Current Price Action/Trends and Pivots: The chart above covers the last year of price activity. The red line traces the stock’s upward trend from its mid-November 2020 low at around $19 to its March peak at about $42.50. It also provides the baseline for the Fibonacci retracement lines shown on the right side of the chart. After starting a new upward trend in August, the stock peaked last month at around $37. Since then, the stock has dropped back to its current price at around $33, a little below the 38.2% retracement line. Current support is around $32, based on pivot activity seen in late August as well as during the spring of this year, with immediate resistance at $33.55. A push above $33.55 should have near-term upside to about $37, with additional room to about $39 if buying activity remains strong. A drop below $32, on the other hand should see limited downside, with the 50% retracement line acting as next support around $31.

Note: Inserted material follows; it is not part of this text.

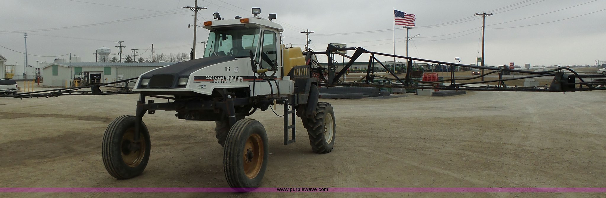 Purple Wave is selling a used Applicator Self Propelled in Missouri. This item is a 1998 SpraCoupe 3440 self-propelled sprayer with the following: 2,150 hours on meter, Perkins four cylinder turbo diesel engine, Manual transmission, 5F-1R gears, AC and heat, AM/FM, Suspension seat, Work lights, 300 gallon poly solution tank, 45 gallon poly rinse tank, 65'W boom, Five boom sections, Hydraulic boom fold, 20" nozzle spacing, Single nozzle bodies, Raven 440 spray controls, Hydraulic axle width adjust, 9.00-24 front row crop tires, 12.4-24 rear row crop tires, Hydraulic leak on steel line, Serial 209911354

Near-term Keys: HFC’s value proposition is attractive, with a balance sheet that has held together throughout the past two years, and fundamentals that show useful strengths are in place. If you prefer to work with short-term trading strategies, the stock’s limited technical downside means that a bearish trade, either by shorting the stock or buying put options, is a very speculative, unusually low-probability trade right now. A push above $33.50, however could provide a good signal to buy the stock or work with call options with an eye on $37 as an attractive bullish profit target.